● **What you are asked to do**
Directions for the data below: repeat exactly the lines from the one with "ストレートかけて本当によかっ" through the one with "Die Partnerschaft zwischen", both included, and omit all pictures.

Data excerpts
....................
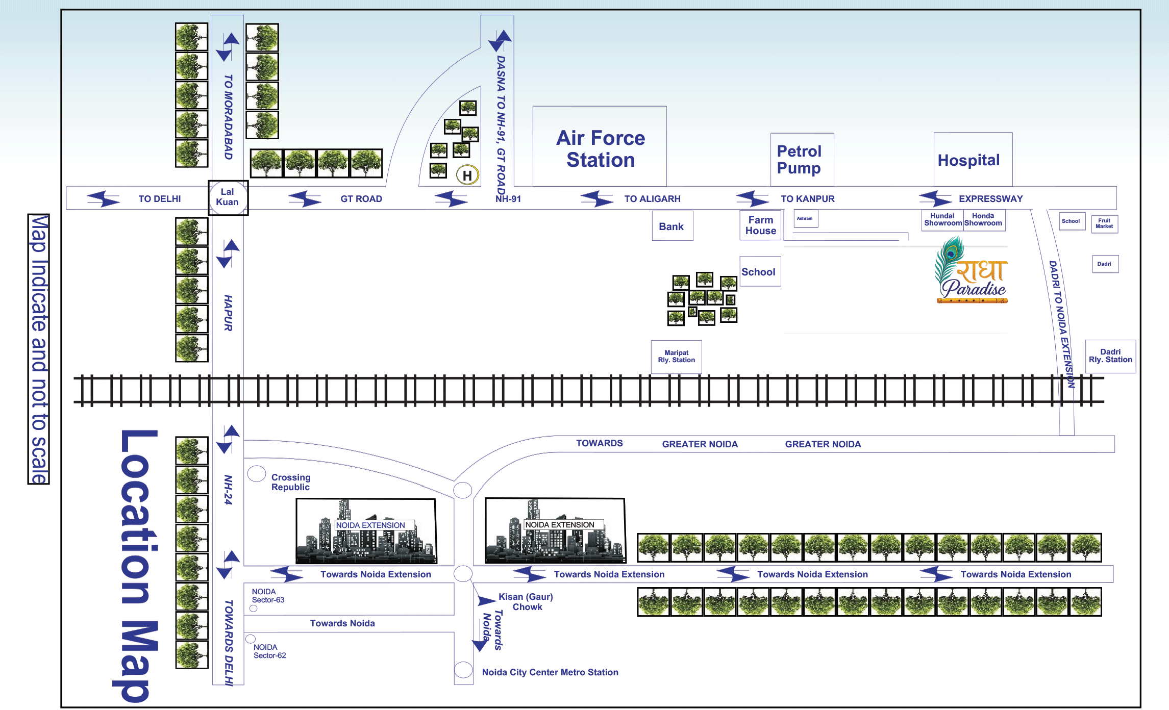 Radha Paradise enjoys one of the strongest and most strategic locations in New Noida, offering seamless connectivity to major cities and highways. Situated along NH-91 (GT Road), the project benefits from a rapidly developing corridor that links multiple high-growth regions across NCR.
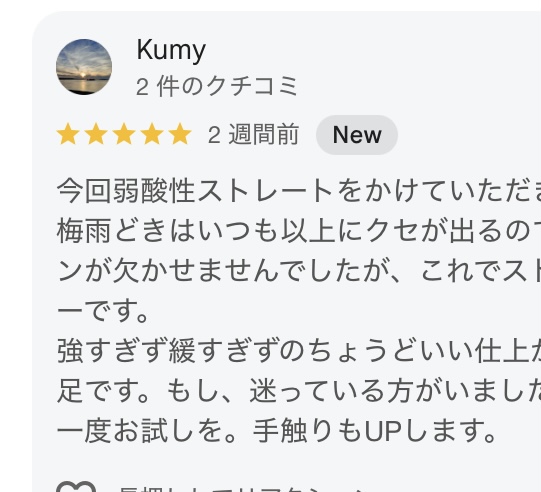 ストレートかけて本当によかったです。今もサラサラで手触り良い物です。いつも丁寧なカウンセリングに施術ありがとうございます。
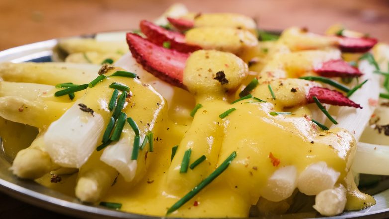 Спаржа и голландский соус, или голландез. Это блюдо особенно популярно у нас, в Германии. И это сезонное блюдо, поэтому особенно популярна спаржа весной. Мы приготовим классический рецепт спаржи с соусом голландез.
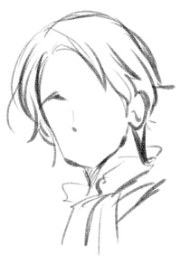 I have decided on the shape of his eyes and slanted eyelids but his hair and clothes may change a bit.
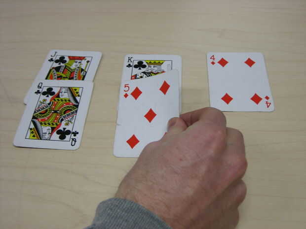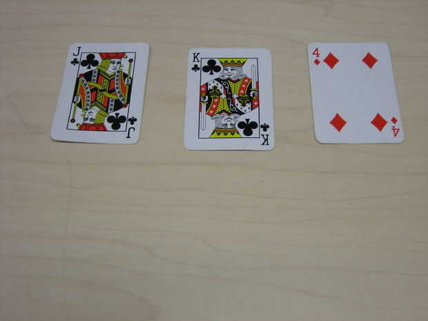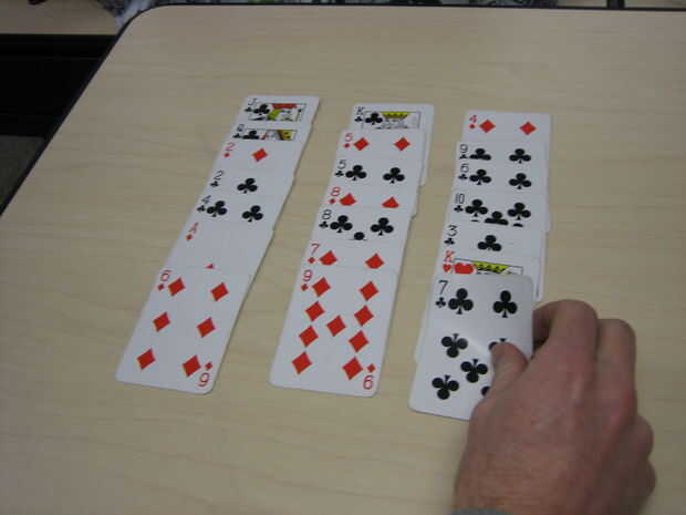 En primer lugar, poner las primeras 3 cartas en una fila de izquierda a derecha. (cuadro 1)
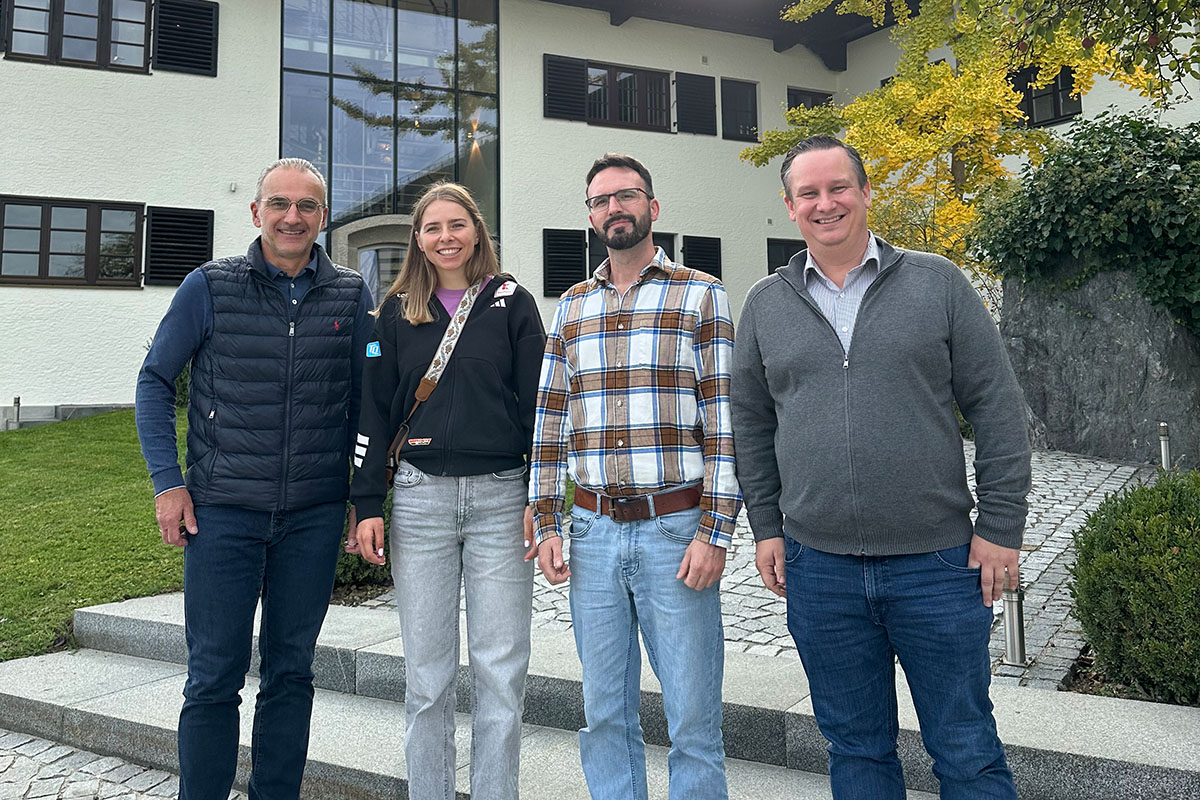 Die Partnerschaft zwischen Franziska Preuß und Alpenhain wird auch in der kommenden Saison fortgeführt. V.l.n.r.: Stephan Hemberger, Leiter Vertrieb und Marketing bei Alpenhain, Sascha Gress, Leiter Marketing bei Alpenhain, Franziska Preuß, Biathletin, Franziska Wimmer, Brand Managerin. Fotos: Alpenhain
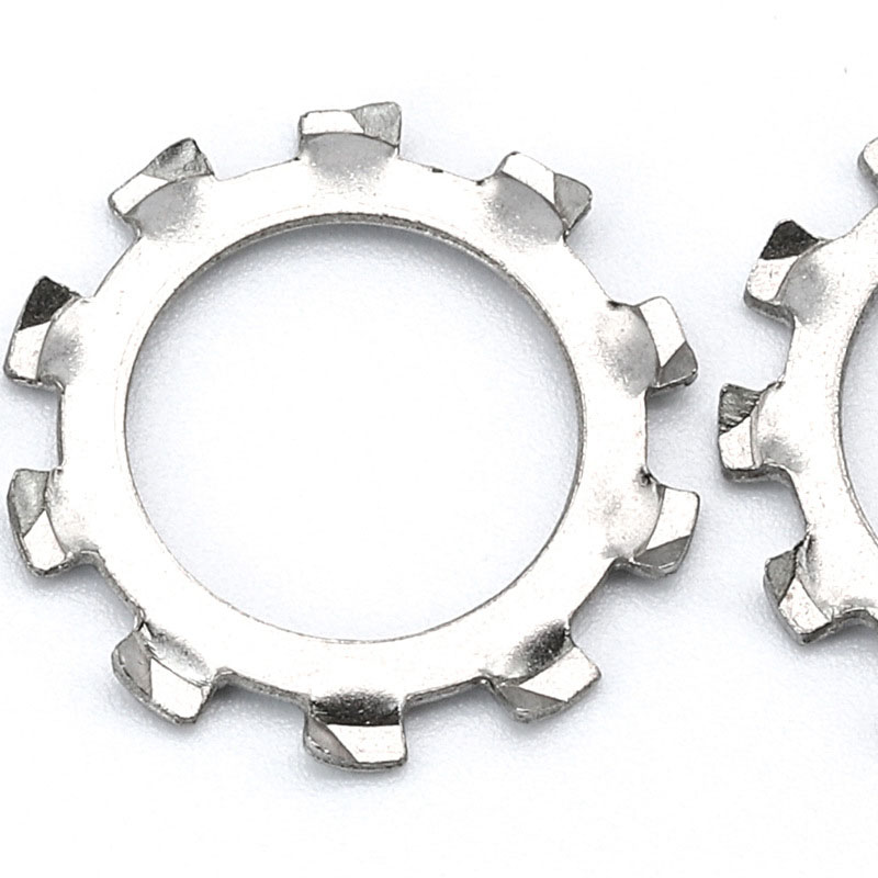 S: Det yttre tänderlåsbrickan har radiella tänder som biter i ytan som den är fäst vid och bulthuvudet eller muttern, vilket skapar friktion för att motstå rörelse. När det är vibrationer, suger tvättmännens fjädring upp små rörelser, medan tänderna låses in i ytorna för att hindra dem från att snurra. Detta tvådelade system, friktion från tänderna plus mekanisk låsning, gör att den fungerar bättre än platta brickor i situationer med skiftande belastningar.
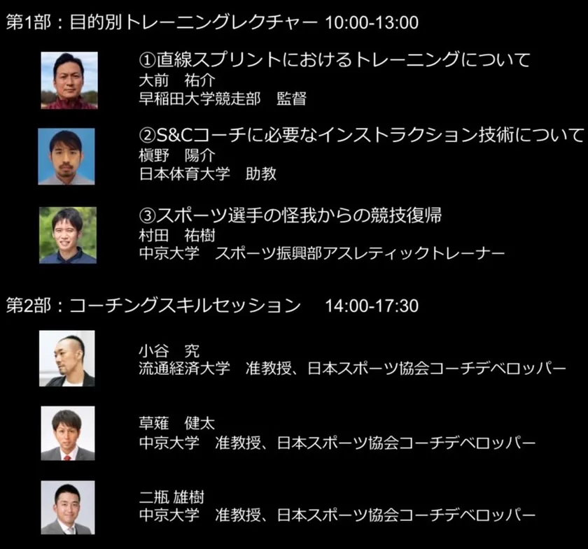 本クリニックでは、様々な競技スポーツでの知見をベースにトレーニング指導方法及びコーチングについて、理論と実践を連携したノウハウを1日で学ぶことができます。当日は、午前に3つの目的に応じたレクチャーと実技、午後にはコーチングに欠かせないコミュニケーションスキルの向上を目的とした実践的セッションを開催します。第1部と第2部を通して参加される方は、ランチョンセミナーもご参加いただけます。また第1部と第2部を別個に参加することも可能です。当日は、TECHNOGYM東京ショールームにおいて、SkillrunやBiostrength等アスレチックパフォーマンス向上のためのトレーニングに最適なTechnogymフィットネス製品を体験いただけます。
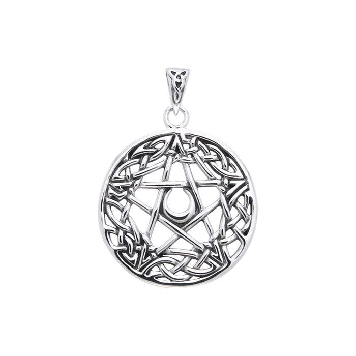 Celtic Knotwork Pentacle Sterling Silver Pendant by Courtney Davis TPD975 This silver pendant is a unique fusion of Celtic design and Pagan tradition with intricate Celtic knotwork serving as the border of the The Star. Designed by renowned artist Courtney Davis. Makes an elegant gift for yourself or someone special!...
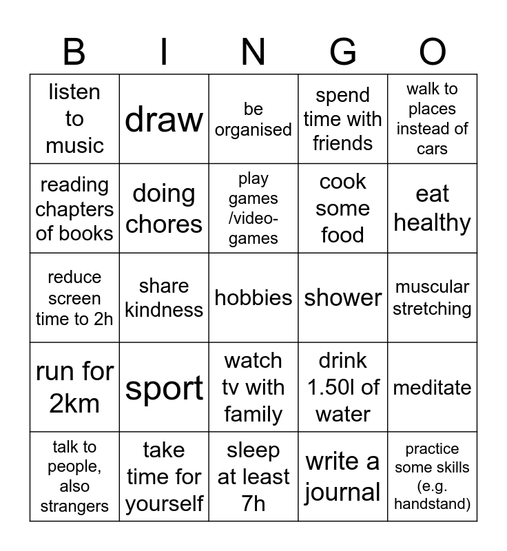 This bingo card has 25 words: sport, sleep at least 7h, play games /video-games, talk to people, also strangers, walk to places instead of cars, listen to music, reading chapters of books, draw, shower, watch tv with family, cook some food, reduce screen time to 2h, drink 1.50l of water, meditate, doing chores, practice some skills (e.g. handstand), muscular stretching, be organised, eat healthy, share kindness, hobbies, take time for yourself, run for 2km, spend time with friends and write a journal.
....................
● **Exercise result**
 ストレートかけて本当によかったです。今もサラサラで手触り良い物です。いつも丁寧なカウンセリングに施術ありがとうございます。
 Спаржа и голландский соус, или голландез. Это блюдо особенно популярно у нас, в Германии. И это сезонное блюдо, поэтому особенно популярна спаржа весной. Мы приготовим классический рецепт спаржи с соусом голландез.
 I have decided on the shape of his eyes and slanted eyelids but his hair and clothes may change a bit.
 En primer lugar, poner las primeras 3 cartas en una fila de izquierda a derecha. (cuadro 1)
 Die Partnerschaft zwischen Franziska Preuß und Alpenhain wird auch in der kommenden Saison fortgeführt. V.l.n.r.: Stephan Hemberger, Leiter Vertrieb und Marketing bei Alpenhain, Sascha Gress, Leiter Marketing bei Alpenhain, Franziska Preuß, Biathletin, Franziska Wimmer, Brand Managerin. Fotos: Alpenhain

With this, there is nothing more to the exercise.